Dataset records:

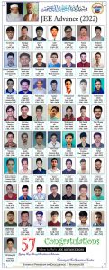 جے ای ای ایڈوانسڈ میں کل 146 طلبہ و طالبات نے شرکت کی، جس میں سے 57 طلبہ وطالبات کوالیفائی ہوئے۔ کامیاب ترین کوالیفیکشن کے علاوہ آل انڈیا رینک(کٹیگری) 260 رہا اور آل انڈیا (جنرل) رینک 2375 رہا۔
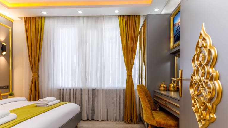 Erleben Sie einen angenehmen Aufenthalt im Santa Rio Taxim Hotel in Istanbul. Die zentrale Lage, der Komfort der Unterkünfte und die Vielzahl an Annehmlichkeiten machen dieses Hotel zu einer idealen Wahl für Ihren Aufenthalt. Genießen Sie den kostenfreien WLAN-Zugang, die Gemeinschaftslounge und die Wellnessmöglichkeiten wie Whirlpool und Sauna. Starten Sie Ihren Tag mit einem leckeren Halal-Frühstück und profitieren Sie von den praktischen Serviceleistungen wie Bügelservice und Geschäftseinrichtungen. Die Nähe zu beliebten Sehenswürdigkeiten und der Flughafentransfer runden das Angebot des Hotels ab.
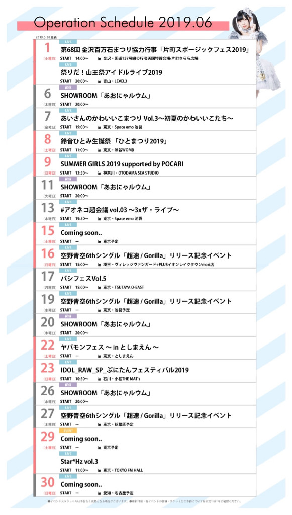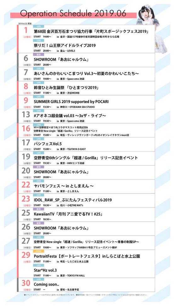 6) 30日は今のところ、名古屋でライブとのみ公表されております #出撃予告 #空野青空
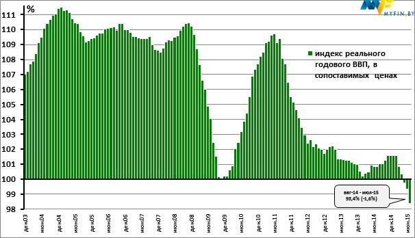 Три месяца назад динамика годового (за 12 месяцев) ВВП впервые с 90-х ушла в красную зону: первый годовой «минус» зафиксирован в мае (-0,2% за период «июнь 2014-го - май 2015-го»,  расчет исходя из официальных данных по ВВП за период с начала года). Белстат до этого ни разу за последние, как минимум, 15 лет не выставлял в своих отчетах отрицательное значение динамики годового ВВП. Через месяц «минус» вырос до -0,7%. В отчетном же месяце (за период «август 2014-го - июль 2015-го») достигнуто значение -1,6%.
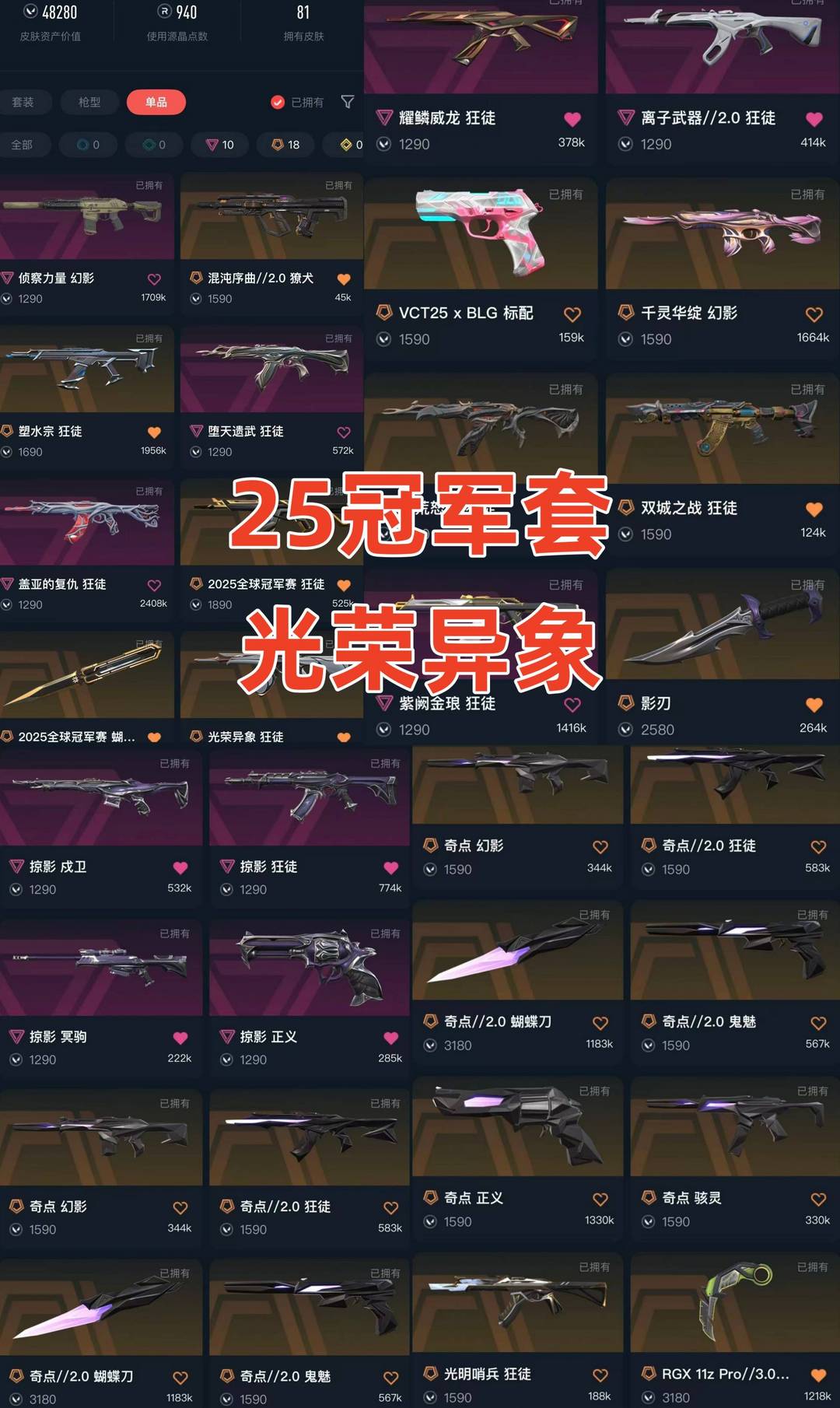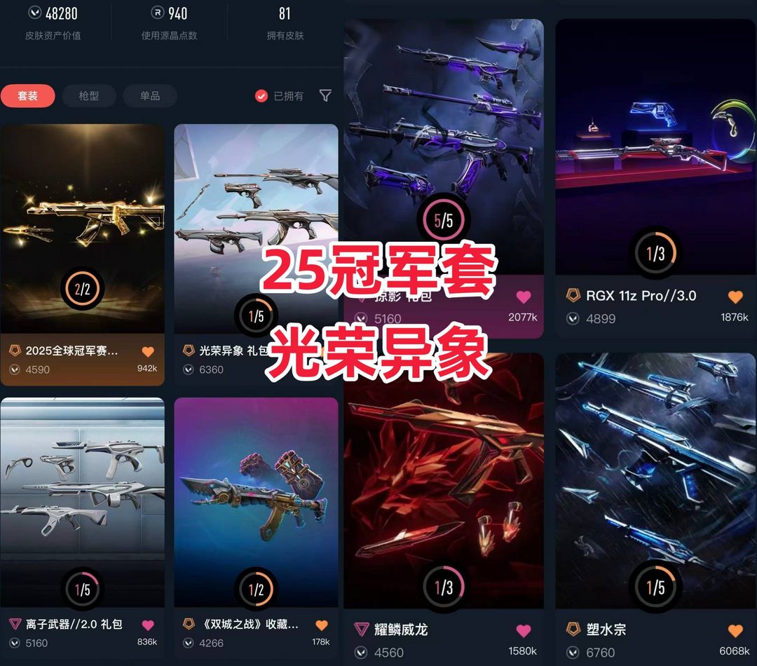 可排✅25冠军套光荣异象⚡显卡爪奇点蝴蝶刀⚡离子2.0盖亚塑水宗弃王紫金⚡双城之战流脓掠夺⚡莲花侦查
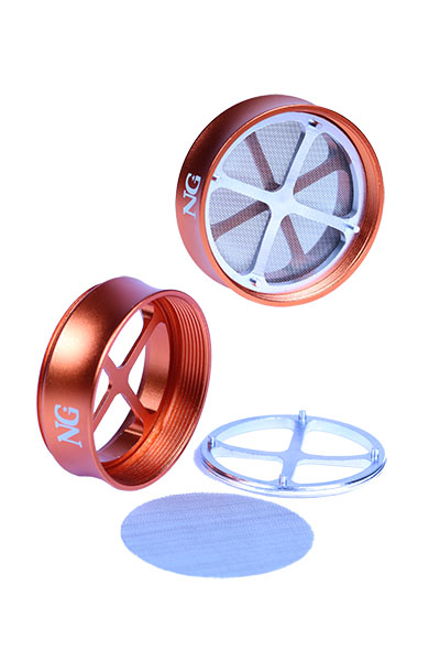 A 4-Piece CNC-made pure aluminum grinder with 27 tricorne teeth that have super sharp edges to shred your herbs into fine consistency. It includes pollen screen and catcher sections and has scraper included. The nylon friction ring ensures smooth grinding when the magnetic lid is cranked. It is designed with ridges that provides a good grip at both the top and bottom.

(HOW TO COMPLETE THIS TASK): Using the records above, copy exactly and only the lines from the line with "6) 30日は今のところ、名古屋でライブとのみ公表されております #出撃予告 #空野青空" through the end, both included; leave every picture out.

(FINAL ANSWER):
 6) 30日は今のところ、名古屋でライブとのみ公表されております #出撃予告 #空野青空
 Три месяца назад динамика годового (за 12 месяцев) ВВП впервые с 90-х ушла в красную зону: первый годовой «минус» зафиксирован в мае (-0,2% за период «июнь 2014-го - май 2015-го»,  расчет исходя из официальных данных по ВВП за период с начала года). Белстат до этого ни разу за последние, как минимум, 15 лет не выставлял в своих отчетах отрицательное значение динамики годового ВВП. Через месяц «минус» вырос до -0,7%. В отчетном же месяце (за период «август 2014-го - июль 2015-го») достигнуто значение -1,6%.
 可排✅25冠军套光荣异象⚡显卡爪奇点蝴蝶刀⚡离子2.0盖亚塑水宗弃王紫金⚡双城之战流脓掠夺⚡莲花侦查
 A 4-Piece CNC-made pure aluminum grinder with 27 tricorne teeth that have super sharp edges to shred your herbs into fine consistency. It includes pollen screen and catcher sections and has scraper included. The nylon friction ring ensures smooth grinding when the magnetic lid is cranked. It is designed with ridges that provides a good grip at both the top and bottom.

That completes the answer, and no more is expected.